WHAT IS REQUIRED: Retype exactly the lines below, starting with the line that contains "- 내용: 사랑받는 인기음료" and ending with the last line; leave out any pictures.

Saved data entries
= = =
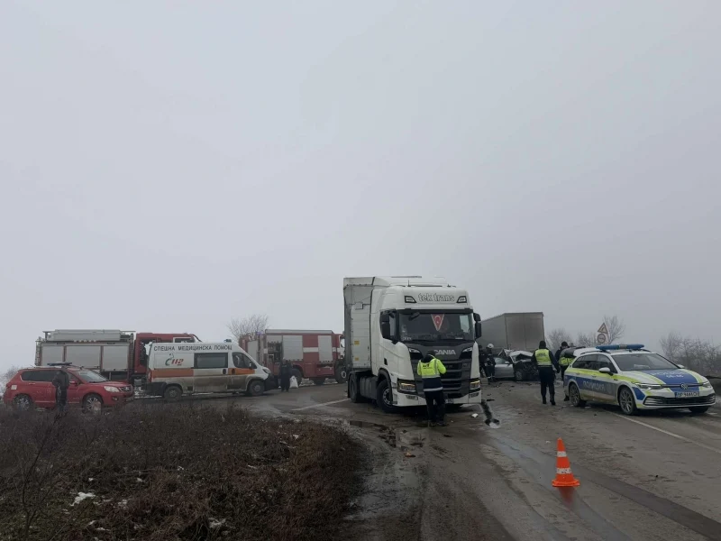 На място работят екипи на полицията, пожарната и Спешна помощ. Очаква се огледите и разчистването на пътя да продължат няколко часа, което ще наложи използването на обходни маршрути за транзитния трафик.
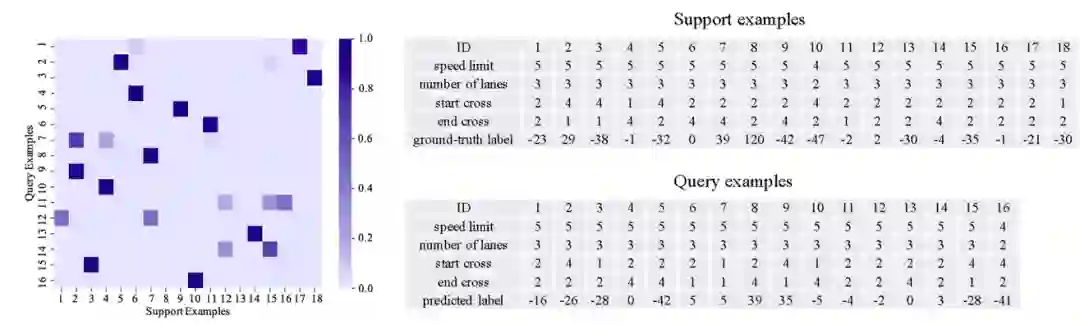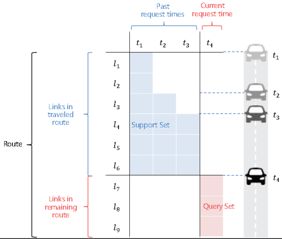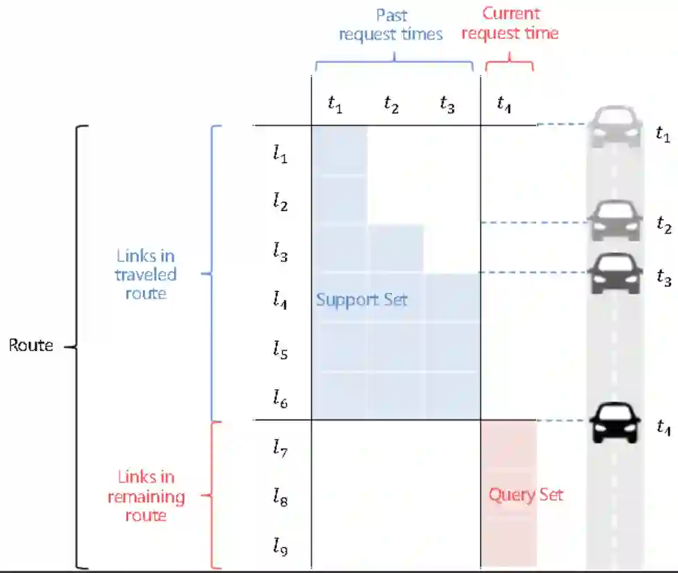 如上图所示,论文将一次请求(即一个时长预测场景)当作一个学习任务。对于每一个学习任务,把收集到的过去多次请求后到目前为止所观测到的已经过多个路段的用户行为(即上图中的蓝色格子)作为支持样本(Support Examples),把从当前时间预估的未经过所有路段的用户行为(即上图中的红色格子)作为查询样本(Query Examples)。
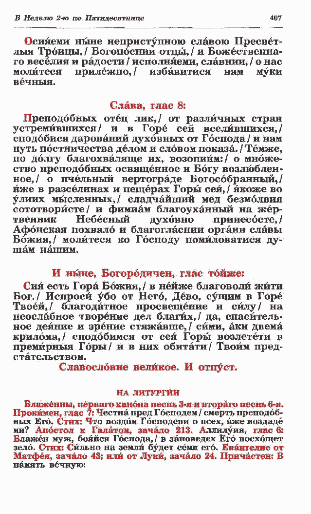 устремившихся/ и в Горе сей вселившихся,/ сподобися дарований духовных от Господа/ и нам путь постничества делом и словом показа. / Темже, по долгу благохваляще их, возопийм:/ о множе- ство преподобных освященное и Богу возлюблен- ное,/ о пчельный вертограде Богособранный, / йже в разселинах и пещерах Горы сея, / якоже во улиих мысленных,/ сладчайший мед безмолвия сототворйсте / и фимиам благоуханный на жер- твенник Небесный духовно принесосте,/ Афонская похвало и благогласнии органи славы Божия,/ молйтеся ко Господу помйловатися ду- шам нашим. И ныне, Богородичен, глас тойже:
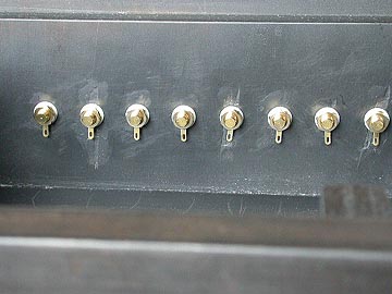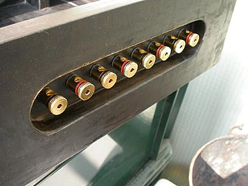 | ネットワークボックスのSP入出力ターミナル。ずらりと並んだ様子はなんともカッコ良い。このSPターミナルは秋葉原の小沼電気で購入。\550/ヶなり。片チャンネルあたり8ヶのターミナルを搭載している。中程の4本はアンプからの入力用。バイワイヤリングにすべくネットワークボックスへの入力ターミナルの段階ですでにハイパス用回路への配線とハイカット用回路への配線を別経路にしている。外側各2本づつはスピーカー本体への出力用ターミナル。右上はターミナルを取り付けた内側の様子。各ネットワークパーツはターミナルにはハンダ付けせず、すべてネジ留め固定する予定。 | ||||||||||||||||||||||||||||||||||||||||||||||||||||||||||||||||||
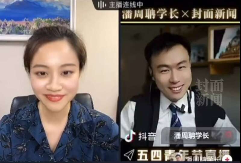 5月4日晚9点半,潘周聃做客封面新闻抖音直播间,通过与封面新闻主播连麦的方式,在线解构“潘周聃出场方式”精髓。因为潘周聃十分健谈,连麦持续到深夜11点。他缜密的思路、丰富的知识以及超快的语速,让一些网友忍不住留言:“我的智商和见识不允许我听下去。”
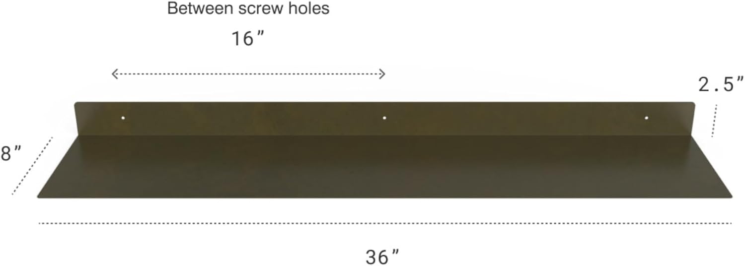 - DIMENSIONS & DETAILS: Measuring 36-inches long x 8-inches in depth, our steel floating shelf is made from 14 gauge raw steel. The weight of the shelf is 8 LBS. It's perfect for displaying books, plants, bottles, picture ledges, and retail displays
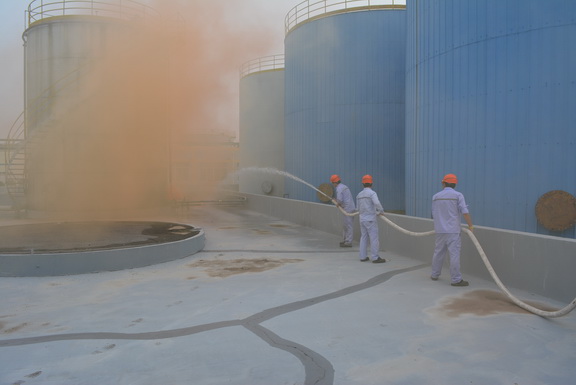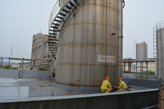 7月2日下午,由公司安全环境部主办的 “2015年重大危险源应急演练” 在双氧水罐区进行。公司总经理助理欧阳可庭任演练现场总指挥。
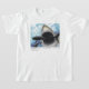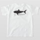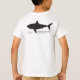 Ilustração de cor do tubarão gigante Megalodon na parte dianteira, silhueta preto e branco na parte traseira.
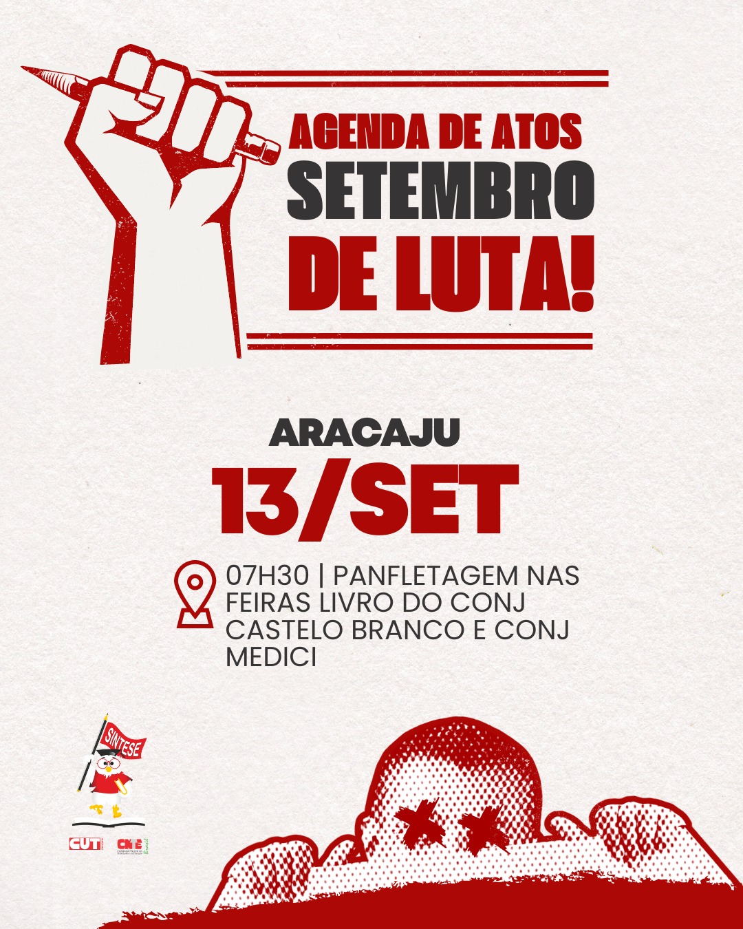 Como parte da nossa agenda de luta para o mês de setembro, seguimos mobilizados e vamos ocupar as feiras livres, em todas as regiões do estado, para dialogar diretamente com a população sobre os motivos pelos quais professoras e professores da rede estadual de ensino de Sergipe precisam continuar o processo de resistência, diante do fechamento do canal de negociação por parte do governo de Fábio Mitidieri.
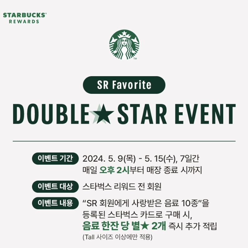 - 내용: 사랑받는 인기음료 10종을 등록된 스타벅스 카드로 구매시, 음료 한 잔당 별⭐️ 2개 즉시!! 추가 적립(tall사이즈 이상만 가능)
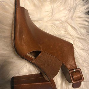 Never been worn, distressed leather. Upper & lining is real leather. Chunky heel, very comfortable, wide open toe.
= = =
PROBLEM SOLUTION:
 - 내용: 사랑받는 인기음료 10종을 등록된 스타벅스 카드로 구매시, 음료 한 잔당 별⭐️ 2개 즉시!! 추가 적립(tall사이즈 이상만 가능)
 Never been worn, distressed leather. Upper & lining is real leather. Chunky heel, very comfortable, wide open toe.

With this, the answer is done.